= Beginning of Section =

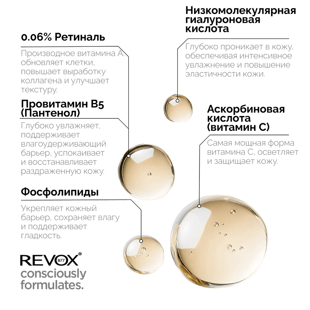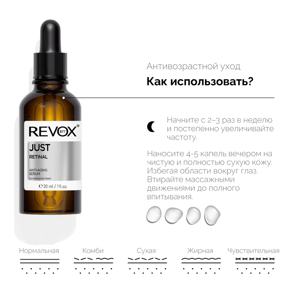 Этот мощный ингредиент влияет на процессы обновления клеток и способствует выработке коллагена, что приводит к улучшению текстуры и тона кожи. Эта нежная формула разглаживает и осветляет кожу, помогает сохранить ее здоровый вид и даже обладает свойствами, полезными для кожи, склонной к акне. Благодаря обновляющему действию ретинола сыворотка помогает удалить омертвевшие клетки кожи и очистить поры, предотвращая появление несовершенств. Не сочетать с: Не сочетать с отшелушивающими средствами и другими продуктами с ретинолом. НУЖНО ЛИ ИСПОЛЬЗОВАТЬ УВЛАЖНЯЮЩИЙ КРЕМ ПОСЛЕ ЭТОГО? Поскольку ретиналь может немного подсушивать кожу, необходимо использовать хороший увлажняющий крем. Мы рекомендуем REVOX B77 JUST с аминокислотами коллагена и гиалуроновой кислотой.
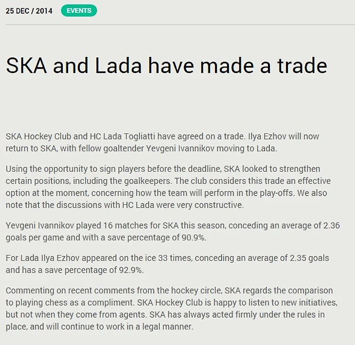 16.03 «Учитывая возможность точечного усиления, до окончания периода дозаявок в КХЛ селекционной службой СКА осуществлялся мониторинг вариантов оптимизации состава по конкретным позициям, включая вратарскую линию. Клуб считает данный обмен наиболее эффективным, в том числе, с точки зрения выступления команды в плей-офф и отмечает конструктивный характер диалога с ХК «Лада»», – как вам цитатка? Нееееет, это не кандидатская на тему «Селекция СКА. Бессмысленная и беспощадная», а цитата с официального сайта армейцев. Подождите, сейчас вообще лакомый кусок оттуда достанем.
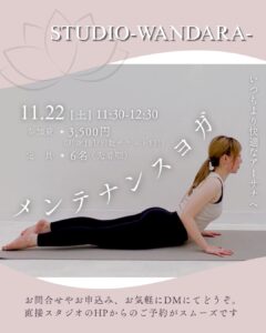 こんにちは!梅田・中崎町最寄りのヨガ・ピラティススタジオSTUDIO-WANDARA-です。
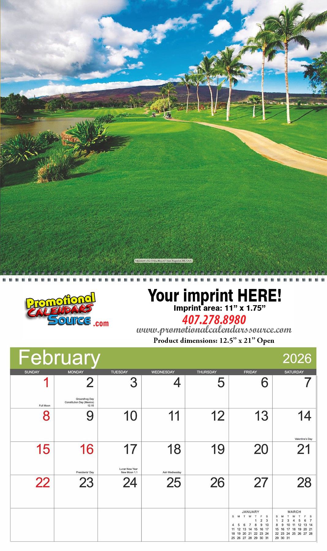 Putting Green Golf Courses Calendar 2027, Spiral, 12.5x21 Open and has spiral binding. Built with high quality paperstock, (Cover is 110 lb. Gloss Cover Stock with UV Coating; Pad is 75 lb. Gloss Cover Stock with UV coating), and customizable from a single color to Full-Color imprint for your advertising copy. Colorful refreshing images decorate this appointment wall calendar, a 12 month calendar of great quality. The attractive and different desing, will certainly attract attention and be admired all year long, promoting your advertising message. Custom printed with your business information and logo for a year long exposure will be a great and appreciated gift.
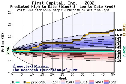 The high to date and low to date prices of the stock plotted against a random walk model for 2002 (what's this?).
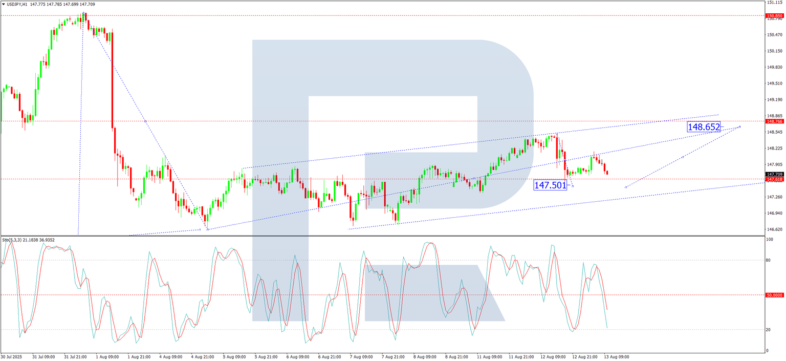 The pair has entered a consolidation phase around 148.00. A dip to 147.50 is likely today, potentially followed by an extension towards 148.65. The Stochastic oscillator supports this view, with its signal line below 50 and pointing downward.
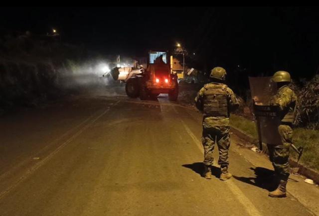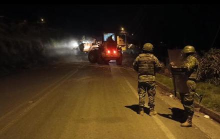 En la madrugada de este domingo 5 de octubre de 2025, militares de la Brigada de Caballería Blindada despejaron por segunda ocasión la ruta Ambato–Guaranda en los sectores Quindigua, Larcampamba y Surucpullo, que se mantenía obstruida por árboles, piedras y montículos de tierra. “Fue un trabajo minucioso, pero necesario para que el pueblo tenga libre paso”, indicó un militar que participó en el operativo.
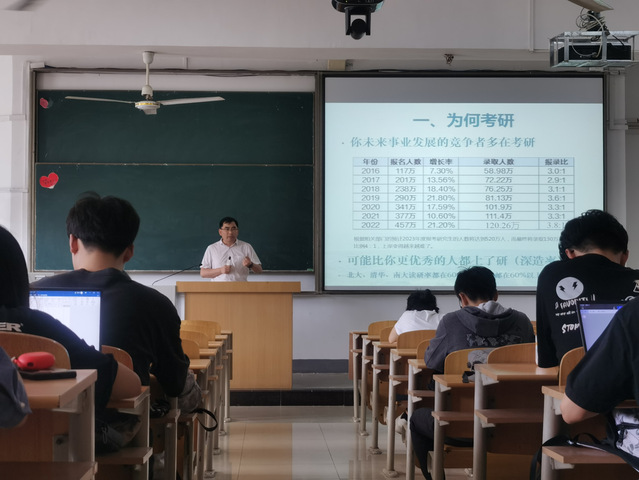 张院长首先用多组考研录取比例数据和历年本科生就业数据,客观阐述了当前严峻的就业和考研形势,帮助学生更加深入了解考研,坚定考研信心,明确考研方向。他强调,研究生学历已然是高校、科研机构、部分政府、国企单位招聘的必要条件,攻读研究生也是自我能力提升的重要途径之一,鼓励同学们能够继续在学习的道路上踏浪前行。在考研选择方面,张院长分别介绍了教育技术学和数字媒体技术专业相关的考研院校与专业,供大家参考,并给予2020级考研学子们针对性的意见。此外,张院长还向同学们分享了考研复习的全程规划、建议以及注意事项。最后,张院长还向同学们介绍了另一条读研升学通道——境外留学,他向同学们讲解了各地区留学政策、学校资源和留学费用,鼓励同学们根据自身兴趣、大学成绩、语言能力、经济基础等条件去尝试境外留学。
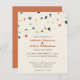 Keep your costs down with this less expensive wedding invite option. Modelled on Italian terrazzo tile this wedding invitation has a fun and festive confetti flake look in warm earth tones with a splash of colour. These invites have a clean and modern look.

= End of Section =

Exercise goal
The records above need retyping in full. Omit the pictures, and change nothing else.

Exercise answer
 Этот мощный ингредиент влияет на процессы обновления клеток и способствует выработке коллагена, что приводит к улучшению текстуры и тона кожи. Эта нежная формула разглаживает и осветляет кожу, помогает сохранить ее здоровый вид и даже обладает свойствами, полезными для кожи, склонной к акне. Благодаря обновляющему действию ретинола сыворотка помогает удалить омертвевшие клетки кожи и очистить поры, предотвращая появление несовершенств. Не сочетать с: Не сочетать с отшелушивающими средствами и другими продуктами с ретинолом. НУЖНО ЛИ ИСПОЛЬЗОВАТЬ УВЛАЖНЯЮЩИЙ КРЕМ ПОСЛЕ ЭТОГО? Поскольку ретиналь может немного подсушивать кожу, необходимо использовать хороший увлажняющий крем. Мы рекомендуем REVOX B77 JUST с аминокислотами коллагена и гиалуроновой кислотой.
 16.03 «Учитывая возможность точечного усиления, до окончания периода дозаявок в КХЛ селекционной службой СКА осуществлялся мониторинг вариантов оптимизации состава по конкретным позициям, включая вратарскую линию. Клуб считает данный обмен наиболее эффективным, в том числе, с точки зрения выступления команды в плей-офф и отмечает конструктивный характер диалога с ХК «Лада»», – как вам цитатка? Нееееет, это не кандидатская на тему «Селекция СКА. Бессмысленная и беспощадная», а цитата с официального сайта армейцев. Подождите, сейчас вообще лакомый кусок оттуда достанем.
 こんにちは!梅田・中崎町最寄りのヨガ・ピラティススタジオSTUDIO-WANDARA-です。
 Putting Green Golf Courses Calendar 2027, Spiral, 12.5x21 Open and has spiral binding. Built with high quality paperstock, (Cover is 110 lb. Gloss Cover Stock with UV Coating; Pad is 75 lb. Gloss Cover Stock with UV coating), and customizable from a single color to Full-Color imprint for your advertising copy. Colorful refreshing images decorate this appointment wall calendar, a 12 month calendar of great quality. The attractive and different desing, will certainly attract attention and be admired all year long, promoting your advertising message. Custom printed with your business information and logo for a year long exposure will be a great and appreciated gift.
 The high to date and low to date prices of the stock plotted against a random walk model for 2002 (what's this?).
 The pair has entered a consolidation phase around 148.00. A dip to 147.50 is likely today, potentially followed by an extension towards 148.65. The Stochastic oscillator supports this view, with its signal line below 50 and pointing downward.
 En la madrugada de este domingo 5 de octubre de 2025, militares de la Brigada de Caballería Blindada despejaron por segunda ocasión la ruta Ambato–Guaranda en los sectores Quindigua, Larcampamba y Surucpullo, que se mantenía obstruida por árboles, piedras y montículos de tierra. “Fue un trabajo minucioso, pero necesario para que el pueblo tenga libre paso”, indicó un militar que participó en el operativo.
 张院长首先用多组考研录取比例数据和历年本科生就业数据,客观阐述了当前严峻的就业和考研形势,帮助学生更加深入了解考研,坚定考研信心,明确考研方向。他强调,研究生学历已然是高校、科研机构、部分政府、国企单位招聘的必要条件,攻读研究生也是自我能力提升的重要途径之一,鼓励同学们能够继续在学习的道路上踏浪前行。在考研选择方面,张院长分别介绍了教育技术学和数字媒体技术专业相关的考研院校与专业,供大家参考,并给予2020级考研学子们针对性的意见。此外,张院长还向同学们分享了考研复习的全程规划、建议以及注意事项。最后,张院长还向同学们介绍了另一条读研升学通道——境外留学,他向同学们讲解了各地区留学政策、学校资源和留学费用,鼓励同学们根据自身兴趣、大学成绩、语言能力、经济基础等条件去尝试境外留学。
 Keep your costs down with this less expensive wedding invite option. Modelled on Italian terrazzo tile this wedding invitation has a fun and festive confetti flake look in warm earth tones with a splash of colour. These invites have a clean and modern look.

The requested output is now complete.